Transcribe the full listing exactly, and drop every picture.

_INFORMATION SHOWN_
▬▬▬▬▬▬

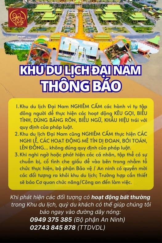 Ngày 26/6, trên trang fanpage chính thức, Khu du lịch Đại Nam thuộc sở hữu của Công ty Cổ phần Đại Nam, do ông Huỳnh Uy Dũng và vợ là bà Nguyễn Phương Hằng đứng đầu vừa đưa ra thông báo nhằm đảm bảo an ninh, trật tự và môi trường tham quan văn minh.
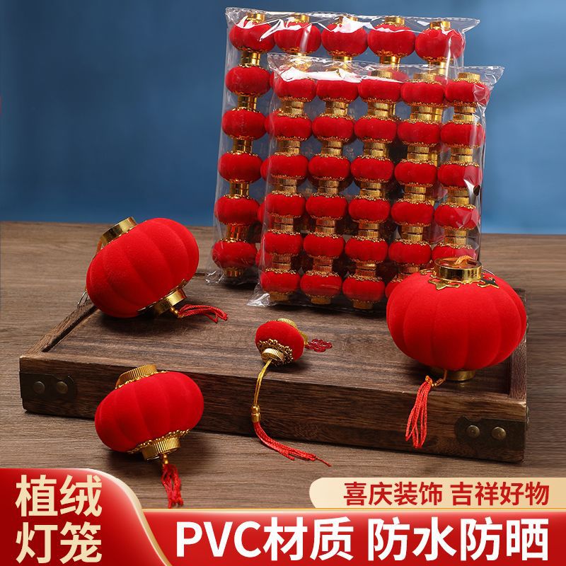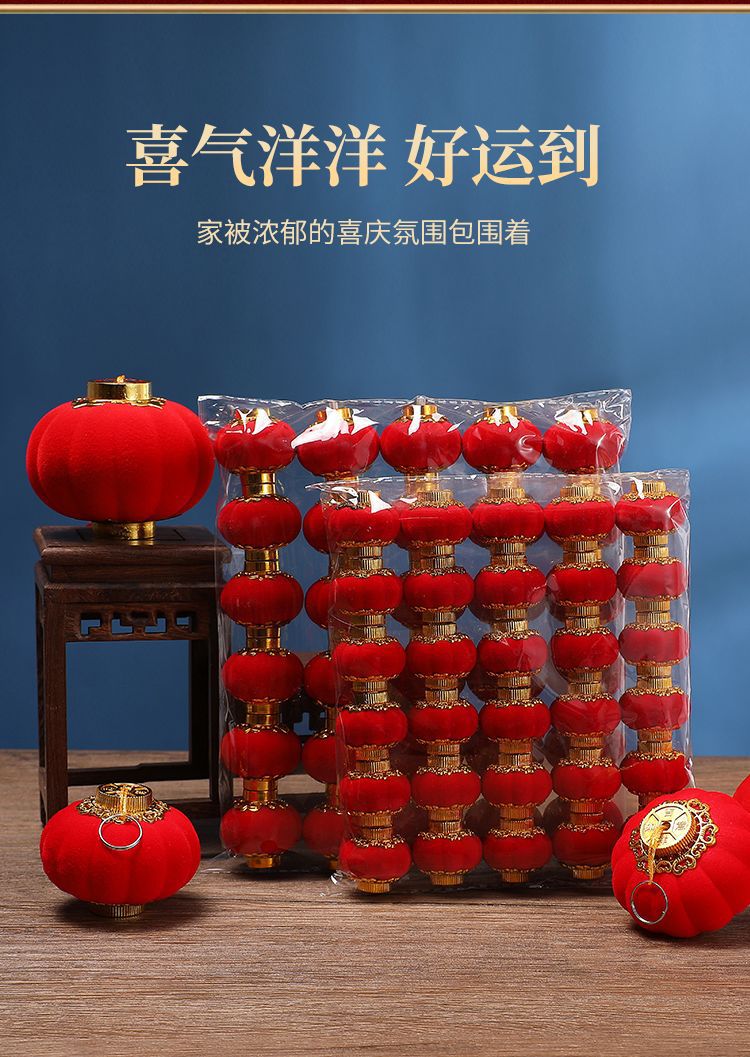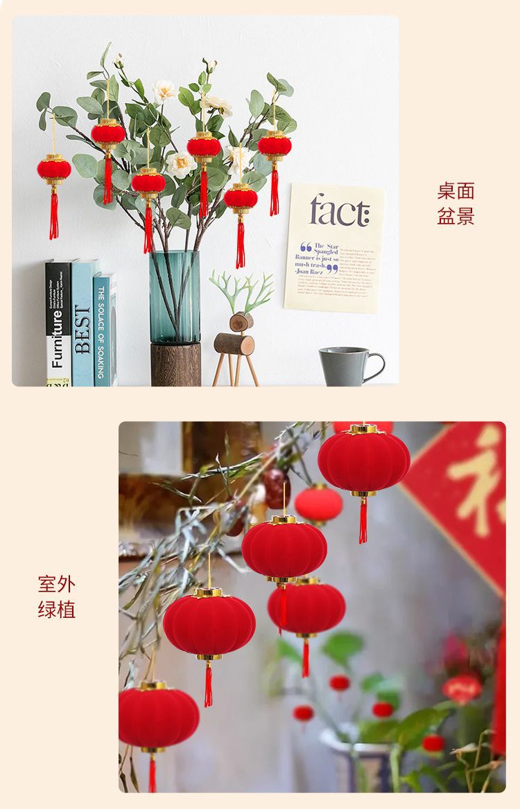 新年植绒小灯笼盆景挂饰挂件春节户外装饰室内装饰结婚场景布置
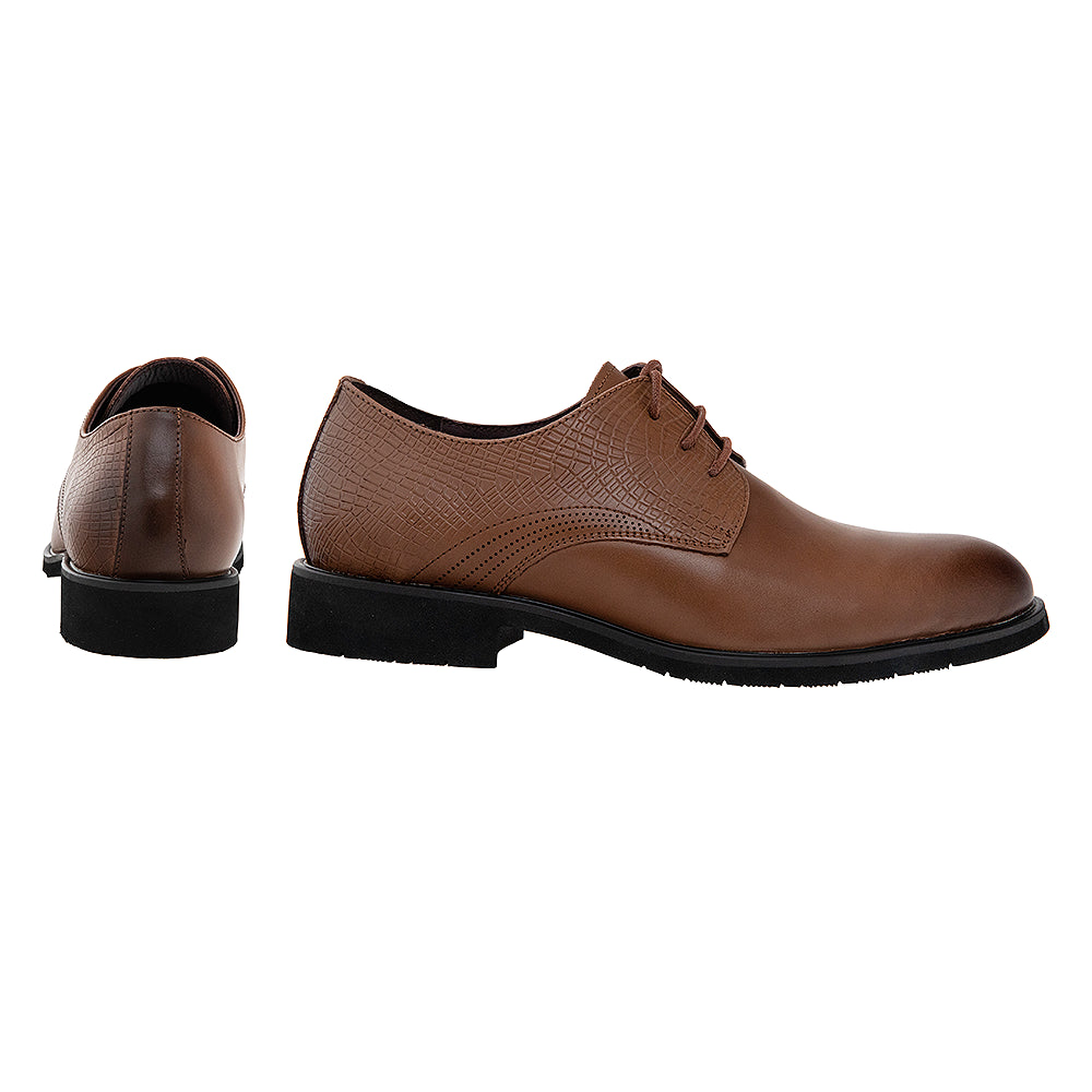 Pantofii Derby maro cu imprimeu confecționați din piele premium și se remarcă prin textura subtilă, adăugând un plus de originalitate și eleganță. Brantul moale și talpa flexibilă oferă confort pe durata întregii zile. Cu un design rafinat, sunt ideali pentru ținute office sau semi-formale.

▬▬▬▬▬▬

_EXERCISE RESULT_
 Ngày 26/6, trên trang fanpage chính thức, Khu du lịch Đại Nam thuộc sở hữu của Công ty Cổ phần Đại Nam, do ông Huỳnh Uy Dũng và vợ là bà Nguyễn Phương Hằng đứng đầu vừa đưa ra thông báo nhằm đảm bảo an ninh, trật tự và môi trường tham quan văn minh.
 新年植绒小灯笼盆景挂饰挂件春节户外装饰室内装饰结婚场景布置
 Pantofii Derby maro cu imprimeu confecționați din piele premium și se remarcă prin textura subtilă, adăugând un plus de originalitate și eleganță. Brantul moale și talpa flexibilă oferă confort pe durata întregii zile. Cu un design rafinat, sunt ideali pentru ținute office sau semi-formale.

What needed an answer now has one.